- [Work to be completed] Skip all pictures, then copy the lines from the start of the data through the line with "노동운동 탄압에서도 노무현", keeping both ends.

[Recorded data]
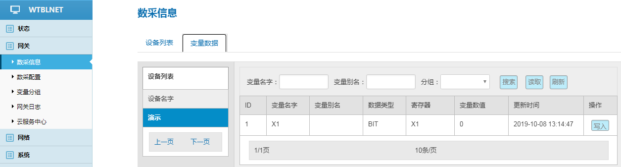 數(shù)采配置(設備信息+變量參數(shù))完成后,重啟采集程序并生效配置,即可在:數(shù)采信息---變量數(shù)據(jù)---設備名稱 中看到采集上來的數(shù)據(jù)。
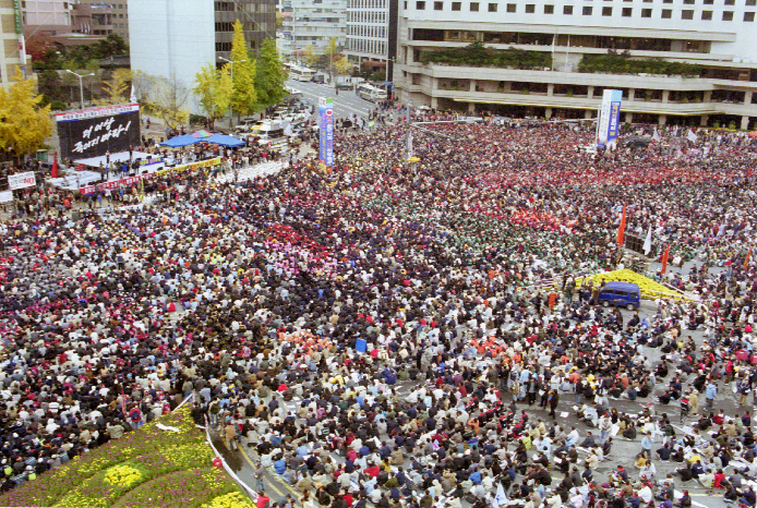 노동운동 탄압에서도 노무현 정부는 이전 정부에 뒤지지 않았다. 김영삼 정부와 김대중 정부 시기에는 각각 연평균 126명, 178명의 노동자가 구속되었다. 이에 비해 2003년 한해에만 196명의 노동자가 구속되었고, 이듬해에는 그 숫자가 337명으로 껑충 뛰었다. 노동자에 대한 손해배상 청구액은 2003년 10월 31일 기준으로 총 574억 원, 가압류 금액은 총 781억 원을 훌쩍 넘겼다. 손배가압류 역시 노동자들을 협박하여 투쟁을 제압하려는 것이었다. 노동운동의 정부에 대한 불신은 갈수록 깊어졌다. 그리고 11월, 민주노총은 격렬한 거리투쟁에 나선다. ●
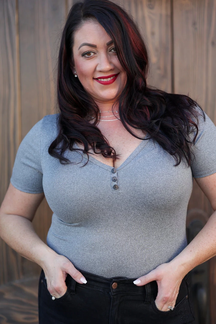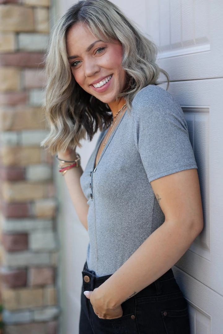 Have you been searching for the perfect top to layer under your cardigans without feeling too frumpy? Well look no further! This heather grey bodysuit will pair so well with everything and features a button snap (for easy in and out), short sleeves and v-neck with button down details.
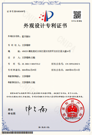 18 | 商学院 | 王莎熳婷 | 蓝牙鼠标 | 外观设计专利 | 2025-03-11 | 是 |
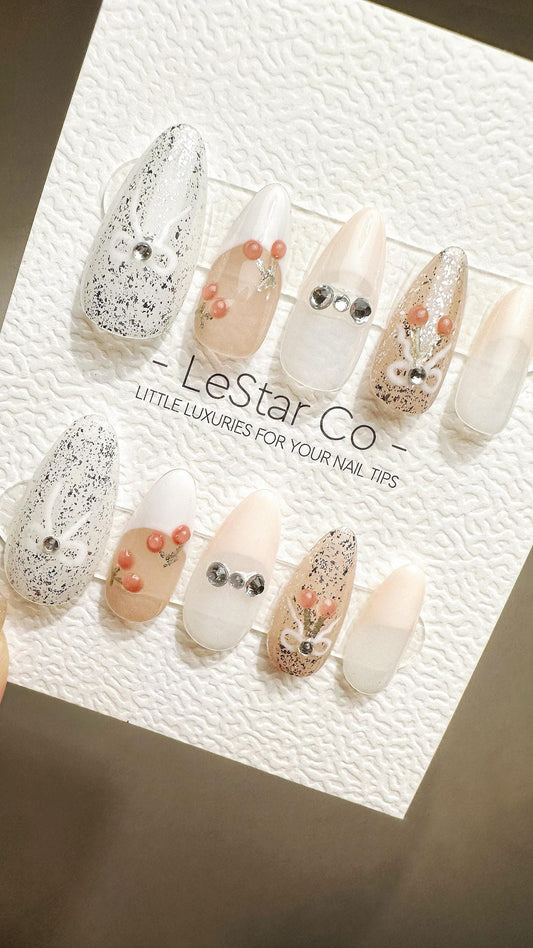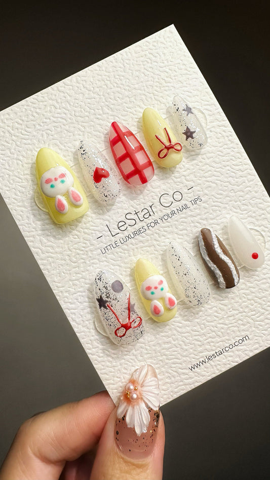Reusable 3D Cute Bunny Ribbon | Premium Press on Nails Gel Manicure | Fake Nails | Handmade | Artificial nails YR768
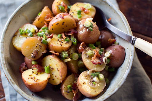Add mustard seeds to bacon fat in pan. After a few moments, they will begin to pop. Immediately turn off heat, and add vinegar and potato mixture. Toss together, then transfer back into bowl.
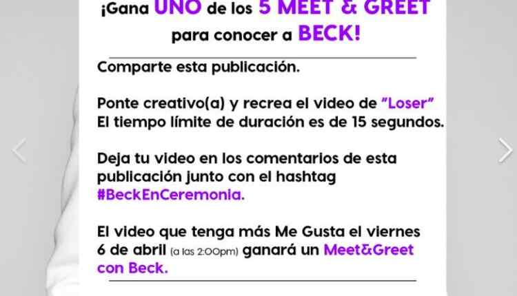 Ceremonia te invita a participar a su concurso en el que podrás ganar uno de los 5 meet & greet con Beck si quieres ser ganador realiza la mecánica siguiente:
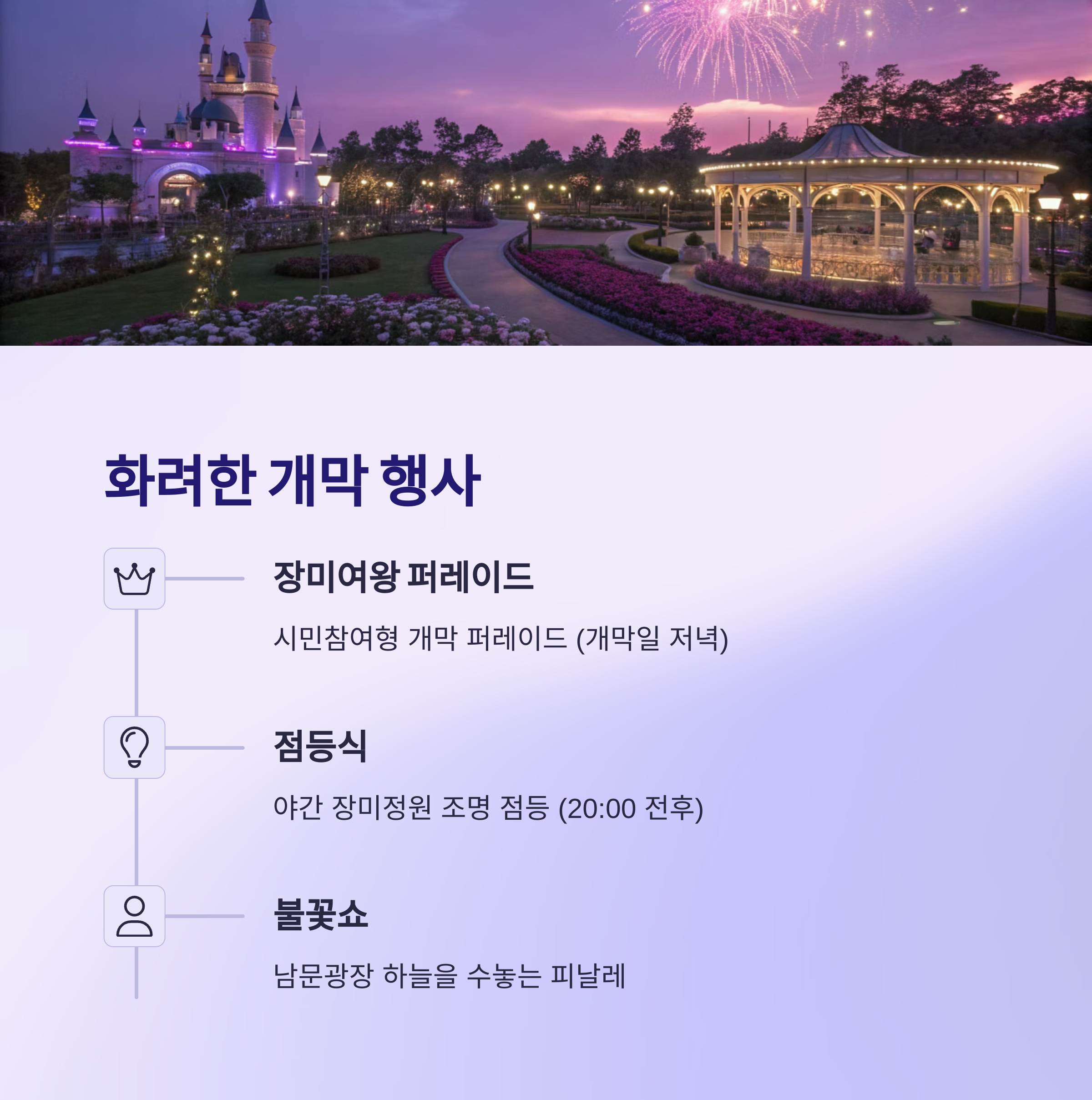 | 점등식 | 야간 장미정원 조명 점등 | 20:00 전후 |
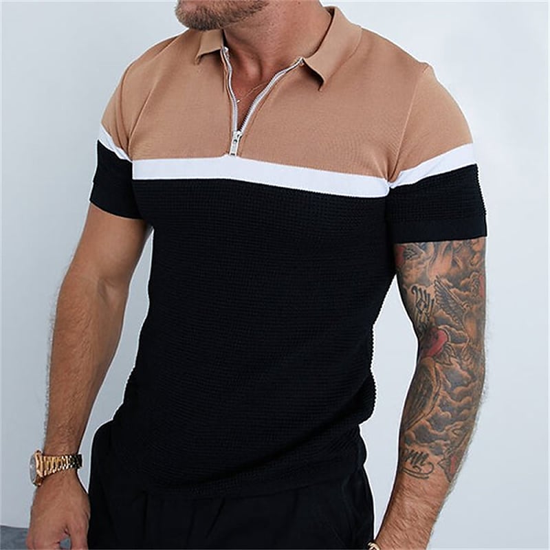 Men's Golf Shirt Color Block Turndown Street Casual Zipper Short Sleeve Tops Cotton Casual Fashion Breathable Comfortable Black / Summer

- [Written reply]
 數(shù)采配置(設備信息+變量參數(shù))完成后,重啟采集程序并生效配置,即可在:數(shù)采信息---變量數(shù)據(jù)---設備名稱 中看到采集上來的數(shù)據(jù)。
 노동운동 탄압에서도 노무현 정부는 이전 정부에 뒤지지 않았다. 김영삼 정부와 김대중 정부 시기에는 각각 연평균 126명, 178명의 노동자가 구속되었다. 이에 비해 2003년 한해에만 196명의 노동자가 구속되었고, 이듬해에는 그 숫자가 337명으로 껑충 뛰었다. 노동자에 대한 손해배상 청구액은 2003년 10월 31일 기준으로 총 574억 원, 가압류 금액은 총 781억 원을 훌쩍 넘겼다. 손배가압류 역시 노동자들을 협박하여 투쟁을 제압하려는 것이었다. 노동운동의 정부에 대한 불신은 갈수록 깊어졌다. 그리고 11월, 민주노총은 격렬한 거리투쟁에 나선다. ●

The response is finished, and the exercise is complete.